I did it by folding it up from round 2.
In round 2, the following groups must be there:
4,5
4,6
4,7
(4,8 can't be there bcoz 8 could not hv won in round 1).
For 4,5 to be there in round 2, we must hv had either 5,6 or 5,7 or 5,8 in round 1 (bcoz 5 must have won).
For 4,6 to be there in round 2, we must hv had either 6,7 or 6,8 in round 1.
For 4,7 to be there in round 2, we must hv had 7,8 in round 1.
Also, 4 must have been with 5,6,7 or 8 in round 1.
So the possibilities for round 1 if 4,5 r to be there in round 2 are:
4,6 and 5,7
4,6 and 5,8
4,7 and 5,6
4,7 and 5,8
4,8 and 5,6
4,8 and 5,7
Possibilities if 4,6 r to be there in round 2 are:
4,5 and 6,7
4,5 and 6,8
4,7 and 6,8
4,8 and 6,7
Similarly if u have 4,7 in round 2, u can hv:
4,5 and 7,8 or 4,6 and 7,8.
Now, in round 1, if u know 2 of the teams, the other 2 can be chosen in 3 ways. Also the total no of ways of choosing the 4 teams is 105. So probability of getting any 1 of the above mentioned possibilities is 3/105.
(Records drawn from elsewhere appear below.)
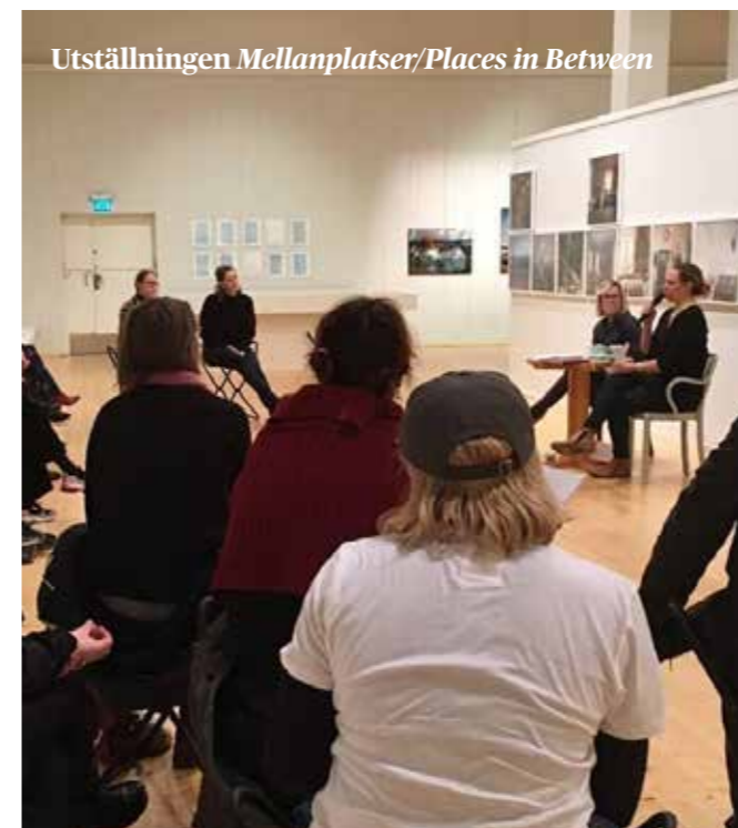
Utställningen Mellanplatser/Places in Between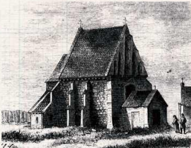
Kaplica pw. św. Stanisława wzniesiona ok. 1440 roku przez biskupa Zbigniewa Oleśnickiego nad grobem Piotra Strzemięńczyka. Grafika z Tygodnika Ilustrowanego z 1869 roku

Oczywiście musi paść pytanie, dlaczego tę historię opisano tak późno. Wbrew pozorom sam upływ czasu jej wiarygodności zupełnie nie dyskwalifikuje. Polska jest, najprzejmiej mówiąc, krajem „rozwinętej kultury oralnej”, czyli załatwiania nawet najpoważniejszych spraw wyłącznie „na gębę”. Cały dorobek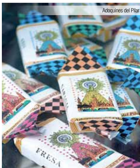
Adoquines del Pilar

Desayuno. Por la mañana, excursión a la ciudad de Tarazona, reedificada por el conocido héroe mitológico Hércules. Tendremos tiempo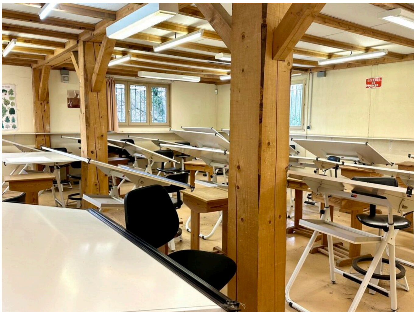
La salle de dessin.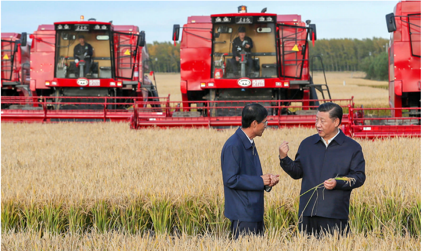
El presidente chino Xi Jinping visita la provincia de Heilongjiang, China, en septiembre de 2018.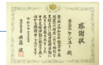
経済産業大臣より感謝状

2024 令和6年能登半島地震にてベンリー袋等20万回分を提供。 復旧対応等に貢献した企業として経済産業大臣より感謝状を拝受。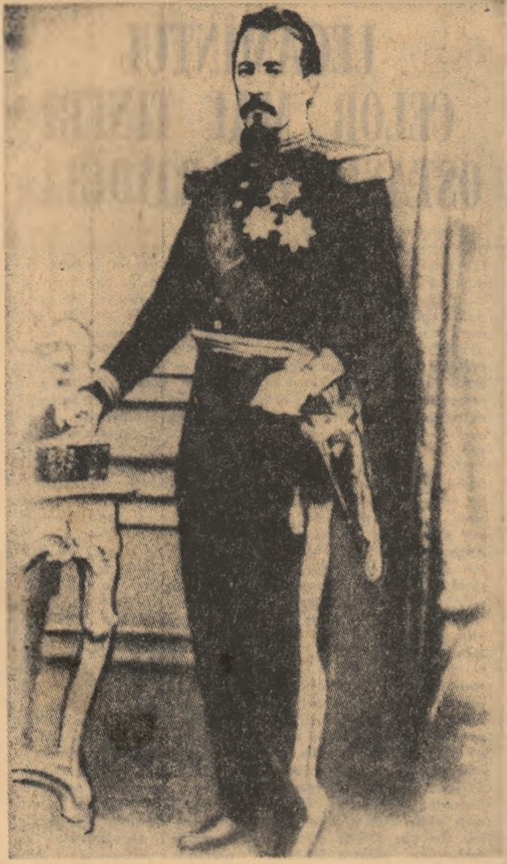
(Urmasa din pag. 1)

vreme el păstrează acest semn caracteristic al individualității sale, acest spirit de viață, el este investit cu dreptul nepreșciturii și-a trăi liber, unitatea națională este cheșășirea libertății lui, este trupul lui, trebuincios ca sufletul să nu piară și să amorțescă, ci din contră să poată crește și a se dezvolta... Unitatea națională fu visarea lăbită a velleozilor noștri cei viteji, a tuturor bărbații noștri cei mari, care intrară în sine individualitatea și cugețarea poporului, spre a o manifesta lumii”.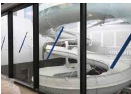
80 meter lang sklie – og mye moro!

For påmelding og mer info: Se mer om Bølgen og fullstendig prisliste for alle tilbudsvariantene av bad og trening på www.bolgenbad.no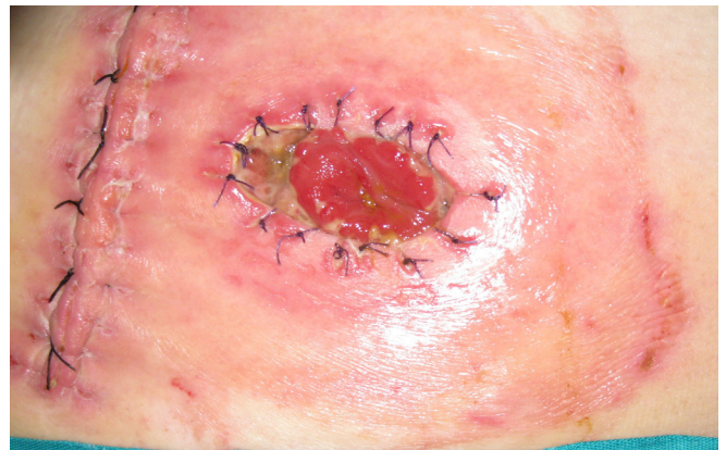
Imagen 3. Protección piel pericostómica con película barrera de silicona.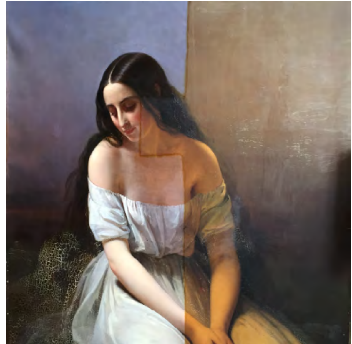
Aimée Brune-Pagès Femme à genoux (en cours de restauration)

Vendredi 20 mai , 18h30, musée des Beaux-Arts d'Orléans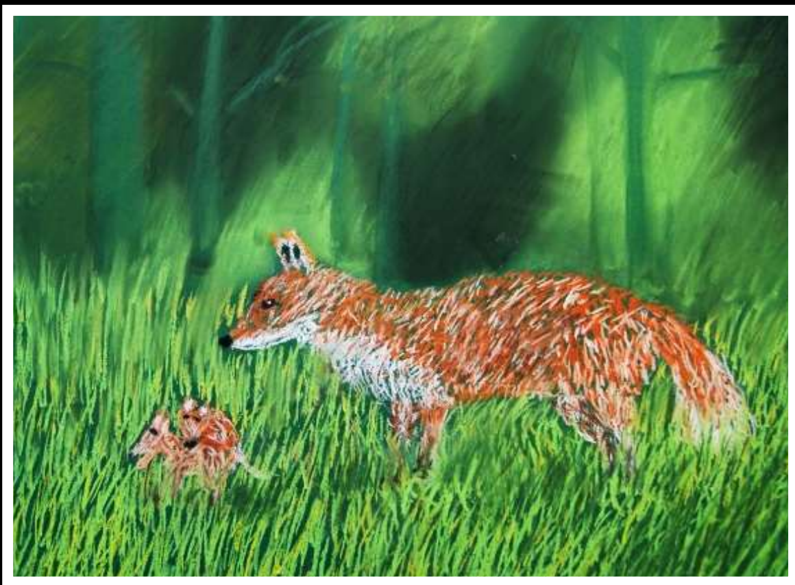
Wiktoria Rogalska kl. VIb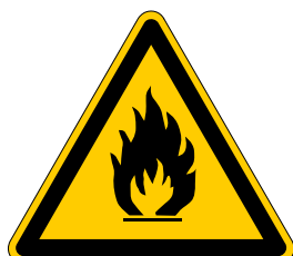
Warnung vor feuer- gefährlichen Stoffen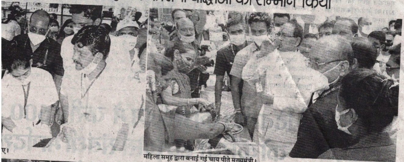
महिला समूह द्वारा बनाई गई चाय पीते मुख्यमंत्री।

महिलाओं की हौसला अफजाई कर कोरोना योद्धाओं का सम्मान किया

Now u just hv 2 do the final calculation. For 4,7 in round 2, probability is 6/105*1/3. Add the probabilities for cases 4,6 & 4,5 in round 2..u get 4/35.
I know this is a very bad explanation, i dint know how else to explain it. The basic thing is that it has to be folded backwards.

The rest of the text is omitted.